Records excerpted from a collection:
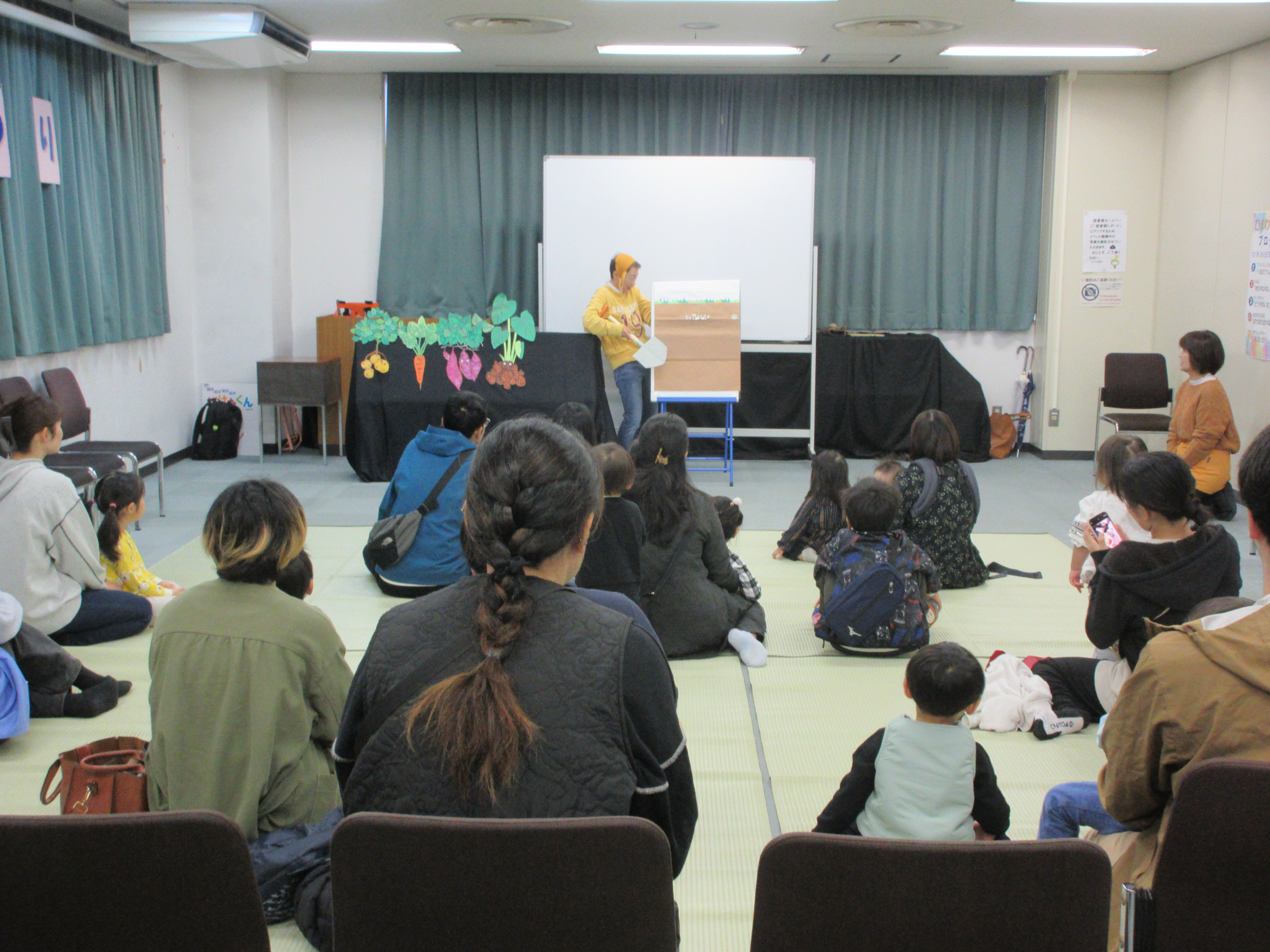 会議室では、普段から図書館で読み聞かせ等の活動をされているボランティア団体さんが、この日のために練習した特別版を披露してくださり、参加した親子はとても楽しそうでした。
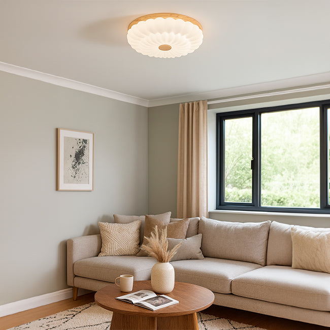 La lámpara de techo Gretel Wood fusiona elegancia y naturalidad en un diseño que aporta calidez y distinción a cualquier espacio. Su difusor acrílico en forma de flor con delicadas ondas proyecta una luz suave y homogénea, mientras que el borde en acabado madera realza su estilo natural. Equipada con control remoto, te permite ajustar el color y la intensidad de la luz según el ambiente que desees crear.
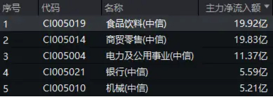 资金面上,吃喝板块今日获主力资金大举流入。Wind数据显示,截至10:25,食品饮料板块获主力资金净流入额已接近20亿元,在30个中信一级行业中高居首位。
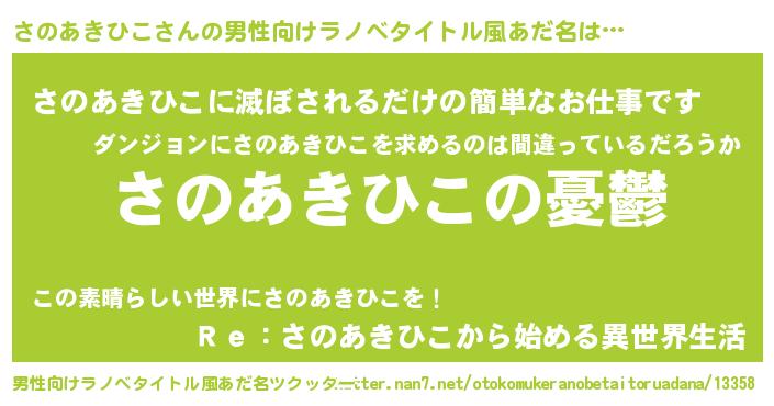 | 胡散臭い通販商品みたいなあだ名 | 『必ず成功する霊験あらたかなお札…その名も「さのあきひこ」』 |
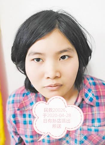 姓名:20026,编号:2020042802,女,26岁左右,2020年4月28日在河南省孙店镇高皇庙村被发现。受助者疑似精神障碍,身高158CM,体重51KG,上身穿红色衣服,下身穿黑色裤子,长头发。有认识此人者,请与项城市救助站联系。
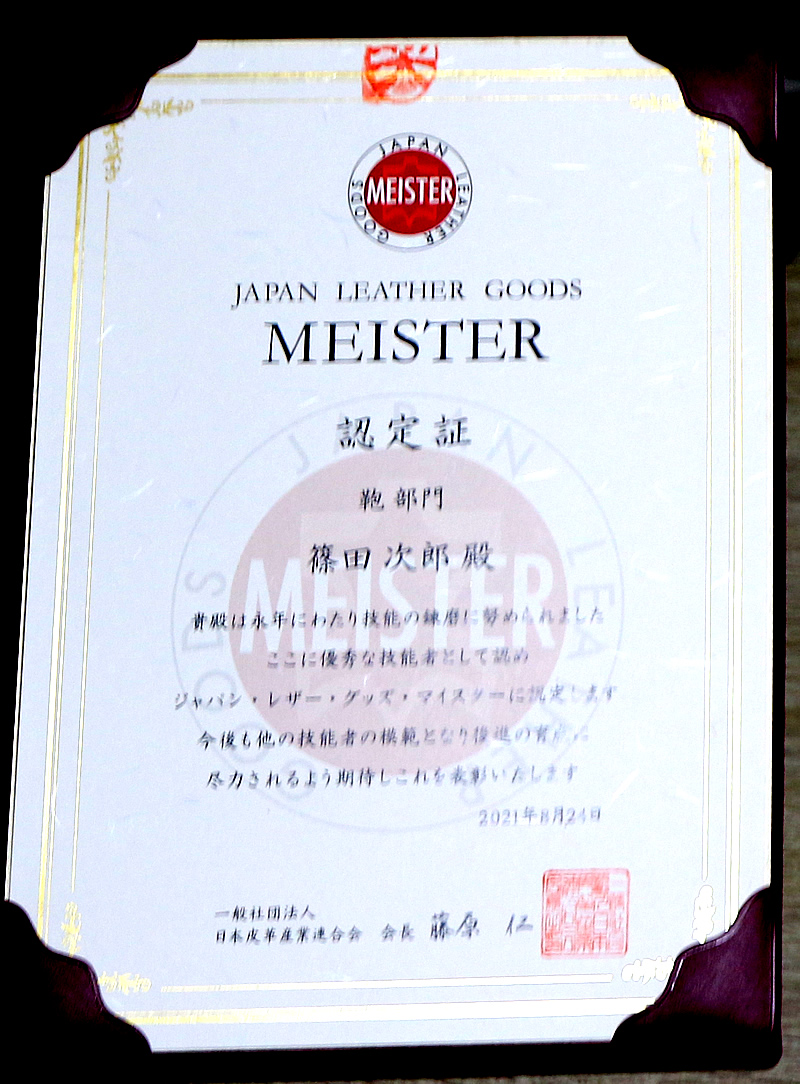 ・令和3年:篠田次郎が第4回 日本皮革製品マイスター認定(鞄部門)に認定
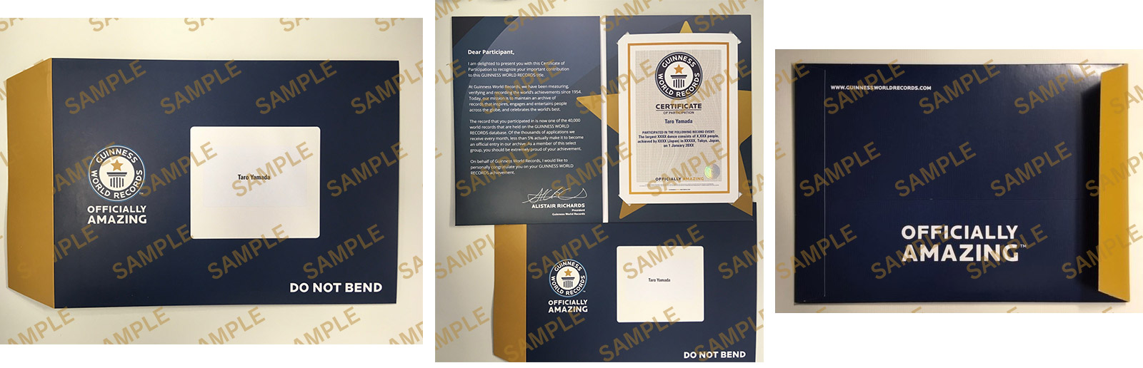 - 記録挑戦失敗時はギネス世界記録ホルダーロゴ入りではなくギネス世界記録チャレンジロゴに変更となります。

▶ **Work task**: Omit the pictures, then set down all the remaining data exactly as given.

▶ **Result for this task**:
 会議室では、普段から図書館で読み聞かせ等の活動をされているボランティア団体さんが、この日のために練習した特別版を披露してくださり、参加した親子はとても楽しそうでした。
 La lámpara de techo Gretel Wood fusiona elegancia y naturalidad en un diseño que aporta calidez y distinción a cualquier espacio. Su difusor acrílico en forma de flor con delicadas ondas proyecta una luz suave y homogénea, mientras que el borde en acabado madera realza su estilo natural. Equipada con control remoto, te permite ajustar el color y la intensidad de la luz según el ambiente que desees crear.
 资金面上,吃喝板块今日获主力资金大举流入。Wind数据显示,截至10:25,食品饮料板块获主力资金净流入额已接近20亿元,在30个中信一级行业中高居首位。
 | 胡散臭い通販商品みたいなあだ名 | 『必ず成功する霊験あらたかなお札…その名も「さのあきひこ」』 |
 姓名:20026,编号:2020042802,女,26岁左右,2020年4月28日在河南省孙店镇高皇庙村被发现。受助者疑似精神障碍,身高158CM,体重51KG,上身穿红色衣服,下身穿黑色裤子,长头发。有认识此人者,请与项城市救助站联系。
 ・令和3年:篠田次郎が第4回 日本皮革製品マイスター認定(鞄部門)に認定
 - 記録挑戦失敗時はギネス世界記録ホルダーロゴ入りではなくギネス世界記録チャレンジロゴに変更となります。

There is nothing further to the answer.